Name of Student:
Joey Chor Yee Lo
Research Supervisor: Dr. Dirk Lange
Title of Presentation: Novel Antimicrobial Peptide Coating to Prevent Catheter-Associated
Urinary Tract Infections
Abstract
BACKGROUND: Catheter-associated urinary tract infections are the most common source of
hospital-acquired infection. Similar to most implanted devices, catheters provide ideal surfaces for
bacterial adhesion and colonization, leading to the development of bacterial biofilms. These biofilms
are surrounded by a thick protective polysaccharide layer, which antibiotics and other antimicrobial
agents are unable to penetrate, rendering biofilms resistant to the most common agents used for the
treatment of device-associated infections. Alternate approaches to prevent biofilm formation include
the use of various antimicrobial surface modifications; however they have resulted in limited success
due to their small spectrum of activity, poor stability and modest biocompatibility.

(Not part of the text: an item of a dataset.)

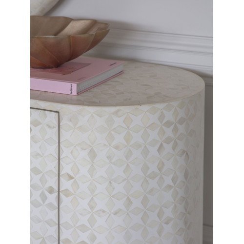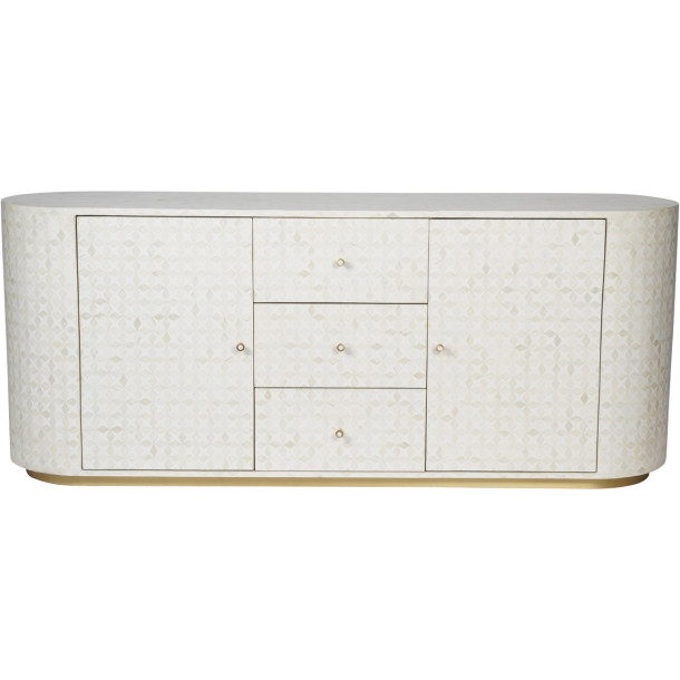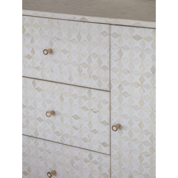 The Aspen Bone Inlay Two Door & Three Drawer Sideboard commands attention with its elegant curved edges and stunning bone inlay design. Resting on a contrasting antique brass plinth, each door conceals a fixed interior shelf for added practicality. The Aspen Sideboard blends intricate Indian handicraft with functionality, keeping traditional decorative art alive. The Aspen collection includes a Two Door Bar Cabinet and round Mirror.

The current study aims to take a different approach at preventing catheter-associated infections through
the use of antimicrobial peptides (AMPs) linked to the catheter surface via polymer brushes as a novel
antimicrobial catheter coating. These AMPs have broad-spectrum activity and, because they are innate
to humans, are non-toxic and unlikely to lead to bacterial resistance. Our group has previously shown
promising antimicrobial effects of AMP coatings at preventing titanium implant associated infections.
The objective of the present project is to further refine this technology using a variety of in vitro and in
vivo infection models to optimize the antimicrobial properties and biocompatibility of the AMPs
towards their application in the urinary tract.

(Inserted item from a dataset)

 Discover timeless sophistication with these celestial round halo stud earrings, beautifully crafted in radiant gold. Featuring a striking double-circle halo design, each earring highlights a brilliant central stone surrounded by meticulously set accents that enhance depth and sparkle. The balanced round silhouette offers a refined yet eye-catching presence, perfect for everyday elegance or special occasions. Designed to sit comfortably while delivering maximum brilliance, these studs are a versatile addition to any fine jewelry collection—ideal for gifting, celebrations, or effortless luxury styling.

METHODS: Brush+peptide-coated, brush-coated, and uncoated control slides were tested against
various uropathogens via co-incubation followed by CFU counts of adherent bacteria. A biofilm
formation model was evaluated by incubating bacteria-contaminated slides in a drip flow reactor
(DFR), which mimics the in vivo environment of implanted catheters by maintaining continuous, low
fluid shear conditions. Finally, an animal bladder catheterization model is being developed using 12week-old female rats to eventually evaluate bacterial adhesion to and biofilm formation on the surface
of coated and uncoated catheters. In preliminary studies for the development of this model, the correct
location of catheter pieces within the bladder was confirmed using urinary tract necropsy. After
verifying the catheterization method, the model was further expanded via the introduction of an
infectious amount of uropathogen into the catheterized rodent bladder, and the amount of adherent
bacteria on the surface of the catheters was determined 2 days post-implantation.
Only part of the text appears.